Kellner pointed out that partitioning, cycling, and imaging are all fully automated on the system, and each nanoplate contains 24 or 96 larger wells that contain between 8,500 and 26,000 partitions. He said that the platform produces results in less than two hours and that anywhere between 2 and 200,000 copies can be reliably detected and quantified per reaction.
Kellner noted that the proposed workflow will help solve some of the challenges with Qiagen's tissue-based RT-PCR Therascreen FGFR kit, which the firm uses to identify alterations in the FGFR2/3 gene in urothelial cancer patients to guide treatment with Janssen Pharmaceutical's metastatic bladder cancer drug erdafitinib (Balversa). The test covers four point mutations and five fusions in tissue-derived RNA.
"The Therascreen workflow is simple, but it comes with certain disadvantages because it relies on invasive tissue biopsy," Kellner said. "The new workflow will combine exosome-based liquid biopsy and digital PCR"
The new workflow involves collecting up to 20 ml of a patient's urine rather than traditional formalin-fixed paraffin embedded tissue. Exosome Dx's RNA isolation tool is used to extract exosomal RNA, and complementary DNA is synthesized using Qiagen's Therascreen FGFR RT-PCR kit. The sample is then analyzed using the digital PCR Therascreen FGFR assay.
For comparison, the group will analyze urine samples in parallel on Qiagen's Therascreen FGFR RGQ PCR kit using Qiagen's Rotor-Gene Q qPCR instrument to identify the patients with FGFR2/3 mutations. The firms will also compare urine-based results with results from conventional tissue-based biopsy FGFR screens.
Daniel Enderle, scientific director of Exosome Dx, said during the talk that to test the workflow the firms have designed a clinical study that will look at about 50 patients with urothelial cancer. The team will collect matched urine and tissue samples and clinical data from German molecular pathology company Stratifyer's clinical network.

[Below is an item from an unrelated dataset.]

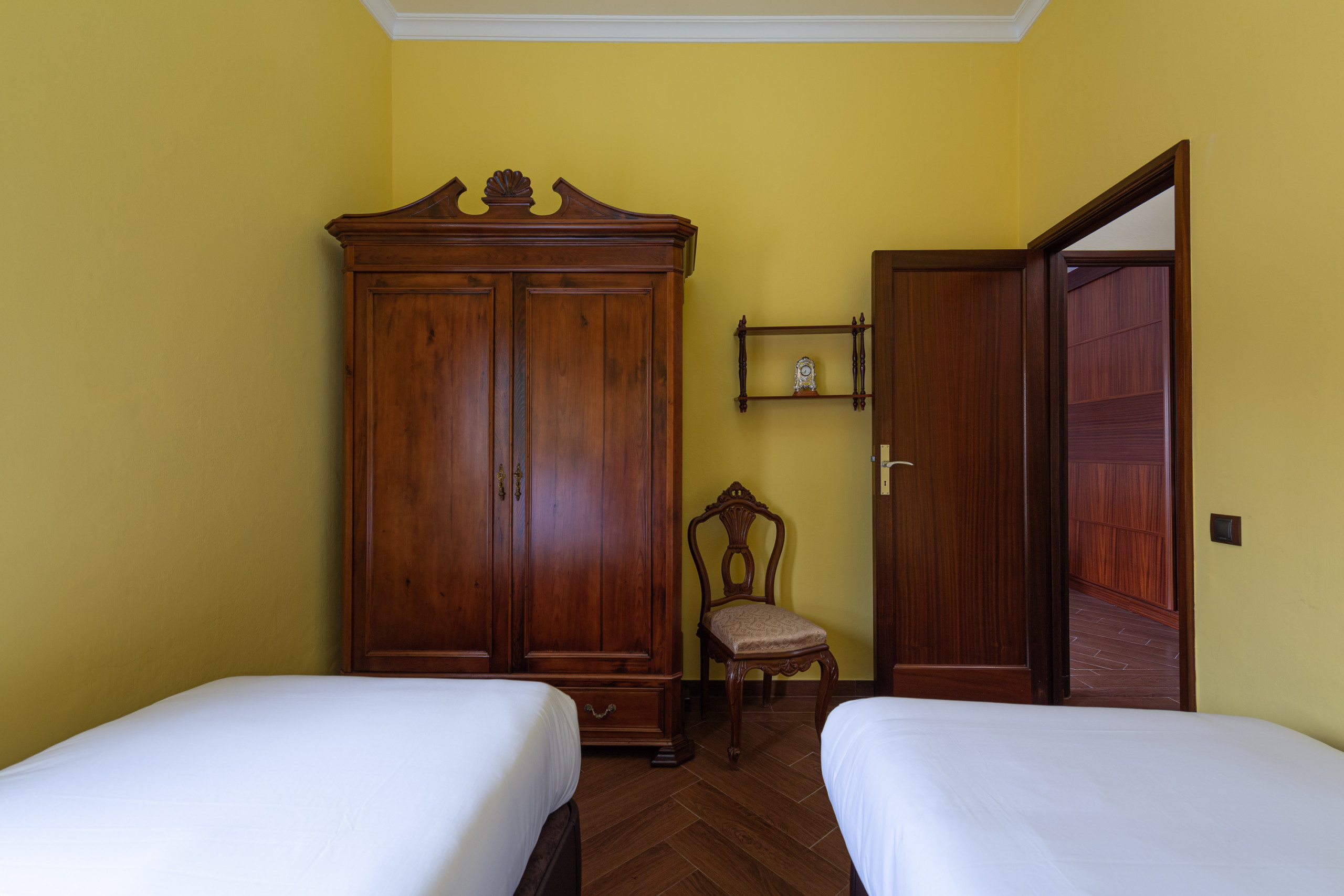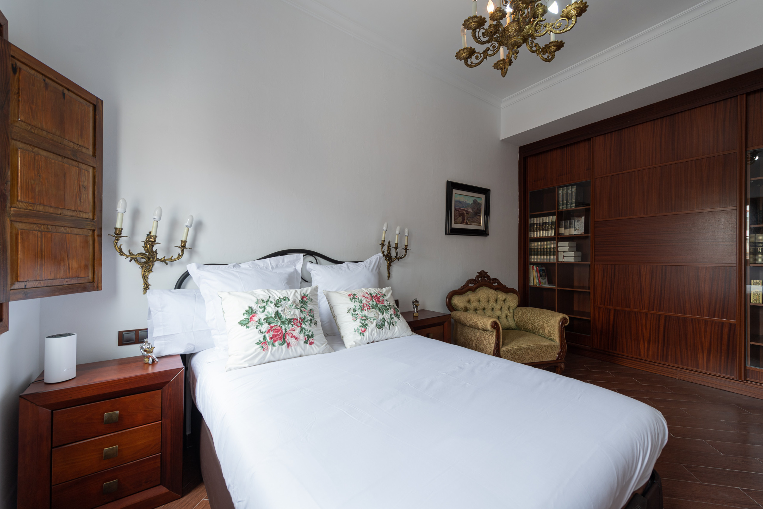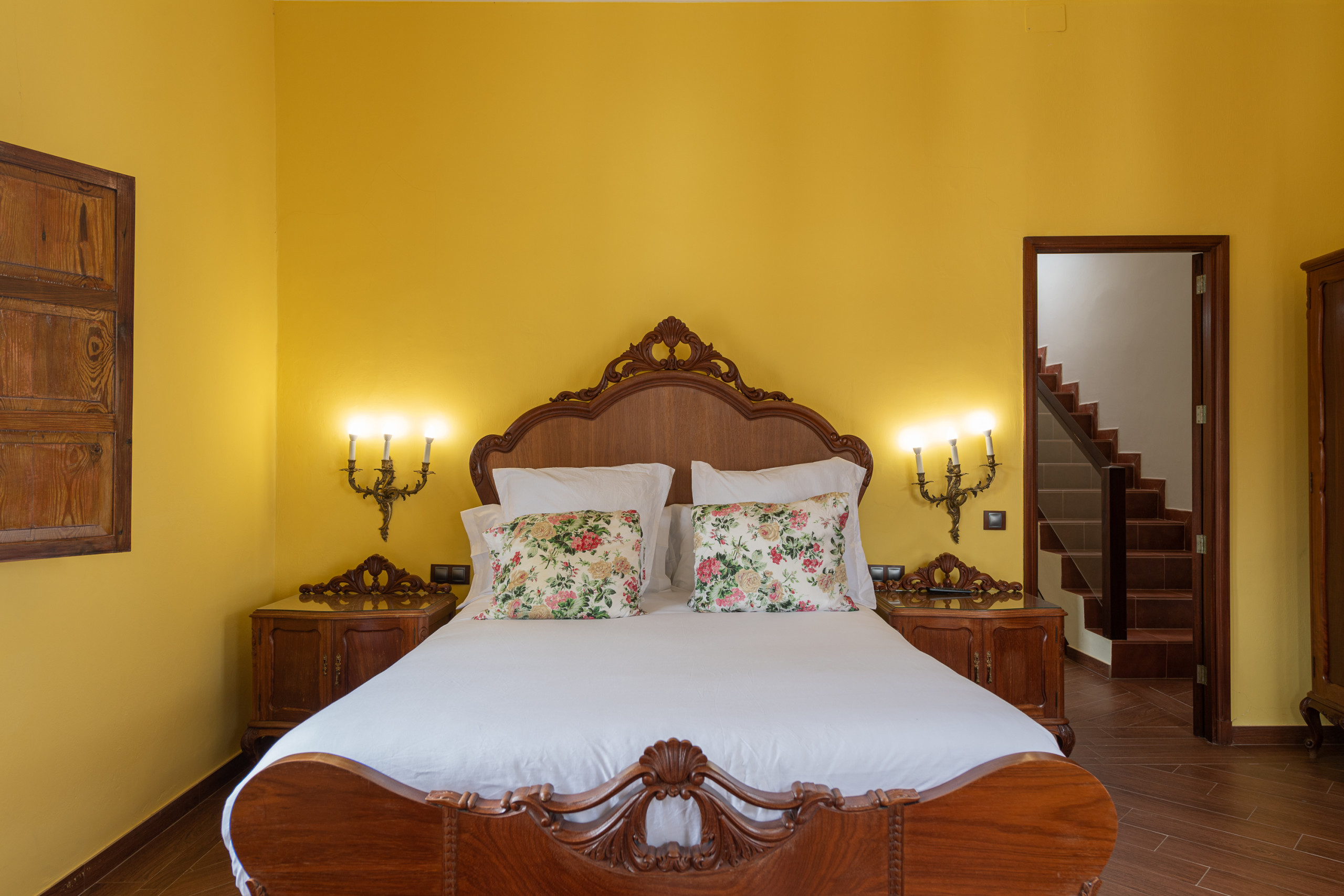 The main bedroom, with a double bed, decorated in an elegant colonial style, with plenty of natural light and a small balcony with charming views.

Enderle said that the team will collect between 5 ml and 20 ml of urine sample from patients and split them into two sample cohorts: one tested with the Therascreen RGQ tissue workflow and one with the urine-based exosomal RNA digital PCR workflow.
"We're going to [establish the] concordance [of] tissue versus liquid biopsy, and we also have experimental data on FGFR3 biomarker expression," Enderle said.

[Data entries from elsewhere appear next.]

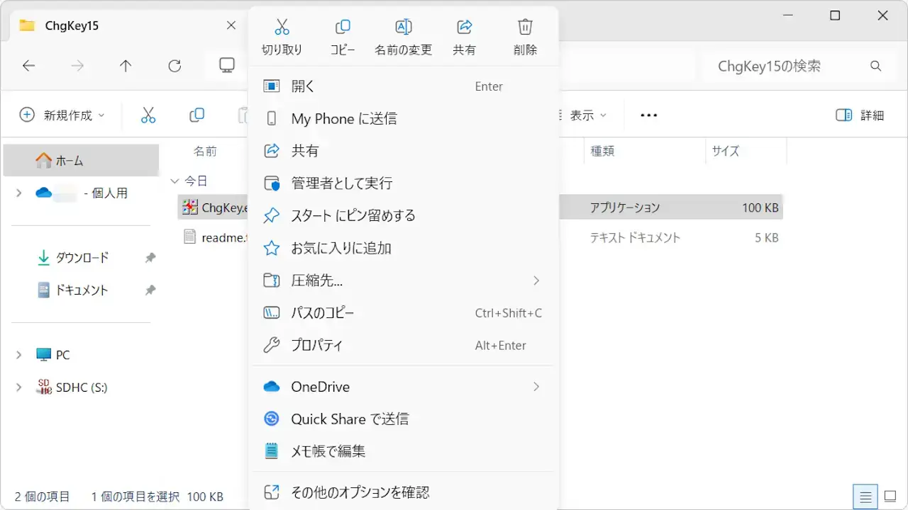 展開した中にあるChgKeyを右クリックし、メニューより管理者として実行をクリックします。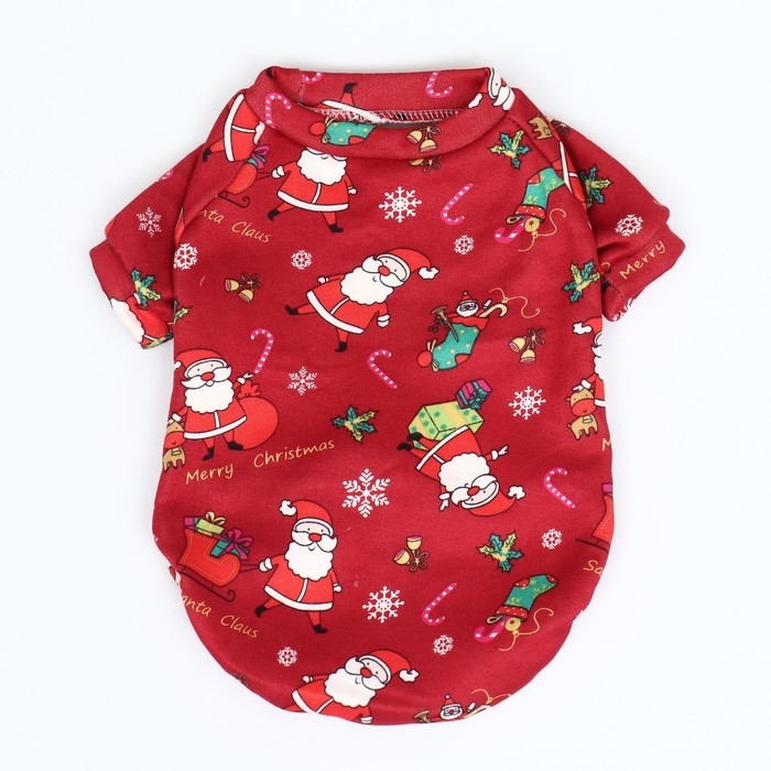 Новый год. Кофта новогодняя для животных "Подарки", размер S, красный (ДС 25, ОГ 35 см)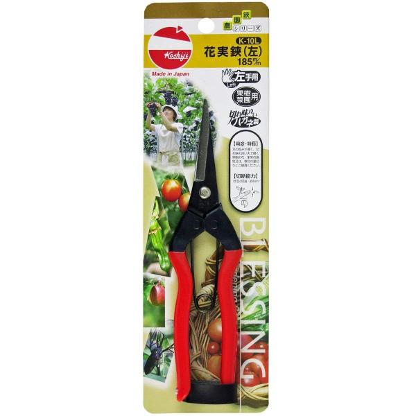 はさみ ハサミ 鋏 果実 芽摘み作業 収穫 花 お手入れ 果樹 摘果 草花 茎切り 菜園用 日本 道具 花実鋏左 K-10L185ミリ 左手用 越路 4991579906106

While the firms will present the study's full results at ASCO, Enderle provided preliminary data from a test pilot cohort of 11 urothelial cancer patients. He noted that initial research data "showed promising results" using urinary exosome RNA, with 100 percent concordance with patient tissue.
"We detected a [few] more mutations in the exosomal RNA than we did in the tissue, but it will be more interesting to look at that … [in] the larger study," Enderle added.
Qiagen and Exosome Dx expanded an existing exclusive collaboration and license agreement in September.
"The fact that urological biomarkers can be contained in exosomes motivated our initial feasibility study to demonstrate whether with Qiagen's … platform combined with new developments in exosomal isolation and RNA purification from Exosome Diagnostics we could detect and match the mutational concordance tissue taken from the same patient," Kellner said in the email. "A urine-based test would have a higher adoption rate and result in increased testing, which might very well lead to earlier detection of malignant lesions and increased study enrolment."
Kellner said that Qiagen intends to explore other minimally invasive approaches to biomarker analysis using liquid biopsy technology.
While Kellner could not comment on Qiagen's specific plans and cancers it would pursue in the future, he noted that the firm will work closely with its pharmaceutical partners "where there is a need and interest to expand market access."